Apparently Federal Judge Cathy doesn't know that the AR and AK are far from "unusual", and I question her impartiality, submitting her past rulings make her unfit to substitute for Judge Judy.

The Polity needs to become activist with activist judges and move for their impeachment when the political pendulum swing back the other way.
 
In sum, the defendants have met their burden to demonstrate a reasonable fit between the Firearm Safety Act and the government’s substantial interests in protecting public safety and reducing the negative effects of firearm-related crime.
"Reasonable fit" is too close to rational basis, and that's not supposed to be the standard when enumerated rights

Next stop, Supreme Court in a year or two.
Actually, this ruling was in District court. The next step would be the 4th Circuit.
 

publius42

New member
“Upon review of all the parties’ evidence, the court seriously doubts that the banned assault long guns are commonly possessed for lawful purposes, particularly self-defense in the home, which is at the core of the Second Amendment right, and is inclined to find the weapons fall outside Second Amendment protection as dangerous and unusual,” Judge Blake wrote.

And we're back to the "indoor militias" argument.

The Heller Court said:

As the quotations earlier in this opinion demonstrate, the inherent right of self-defense has been central to the Second Amendment right. The handgun ban amounts to a prohibition of an entire class of “arms” that is overwhelmingly chosen by American society for that lawful purpose. The prohibition extends, moreover, to the home, where the need for defense of self, family, and property is most acute.

...

We must also address the District’s requirement (as applied to respondent’s handgun) that firearms in the home be rendered and kept inoperable at all times. This makes it impossible for citizens to use them for the core lawful purpose of self-defense and is hence unconstitutional.
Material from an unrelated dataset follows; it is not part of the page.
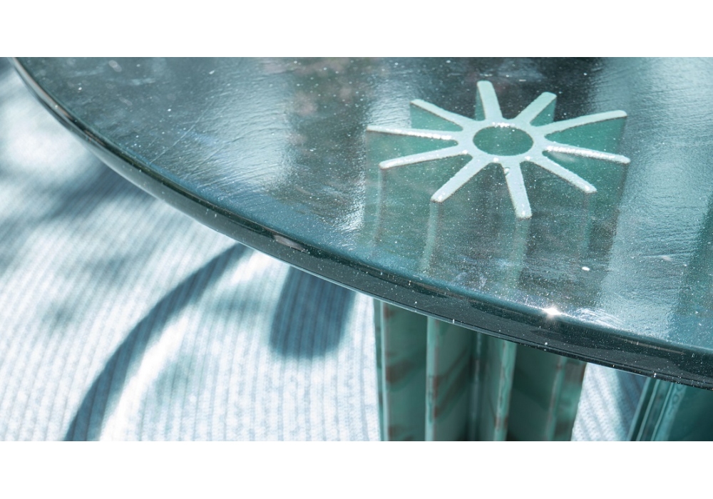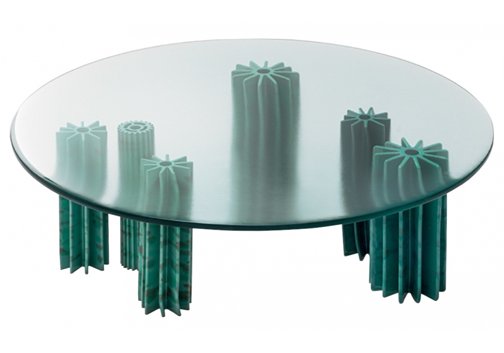 Helico conçue par Nicolò Morales pour Paola Lenti est une table basse avec une base composée d'éléments en faïence extrudée réalisés et décorés à la main. Les éléments, de différentes formes et tailles, ont un noyau en acier inoxydable peint mat.

Just because the need is "most acute" within the home does not mean it does not exist outside the home.

Paul Revere did not ride along yelling for everyone to get inside.
 
Tom Servo said:
"Reasonable fit" is too close to rational basis, and that's not supposed to be the standard when enumerated rights

Why no, it is "intermediate scrutiny." :rolleyes: You know the drill, pervert the reading of Heller to say that it only protects the core right of keeping a handgun in the home for home defense (not self defense mind you as that might go awkward places), then decide the law in question does not infringe on that core right, then apply "intermediate scrutiny" that is really rational basis in all but name and find the law constitutional. Done.

The really offensive part of the decision is the Judge claims she can grant a Motion for Summary Judgment because there is no dispute as to the material facts, then the Judge proceeds to list about half a dozen examples where each side is giving different material facts (How many assault rifles are in the United States? Is the law too overbroad given the harm it seeks to prevent? How common is ownership of these firearms? etc.)

I can't even fathom how you can declare normal capacity magazines that have existed for 100 years "uncommon" and then cite a "disproportionate use in crime" (85% of all gun crimes involve them) - Well, duh... That's because they've been around for 100 years and every damn magazine fed firearm in the U.S. uses them - they are in fact, extremely common. One more disputed statement of material fact where the Judge swallowed the Defendant's argument whole while barely acknowledging the Plaintiff's facts to the contrary.

I wouldn't be surprised if it got remanded just on the MSJ issue, though that would delay any ultimate decision on the real Second Amendment question - which may well have crossed her mind given the current political realities and court makeup.
 

thallub

New member
As wacky as the Maryland law is i expect it to stand.

Heller was not a resounding win for us. Heller was watered down in order to get a fifth justice on board.

From the Heller decision (paragraphed for easier reading):

III
Like most rights, the right secured by the Second
Amendment is not unlimited. From Blackstone through
the 19th-century cases, commentators and courts routinely
explained that the right was not a right to keep and
carry any weapon whatsoever in any manner whatsoever
and for whatever purpose. See, e.g., Sheldon, in 5 Blume
346; Rawle 123; Pomeroy 152–153; Abbott 333.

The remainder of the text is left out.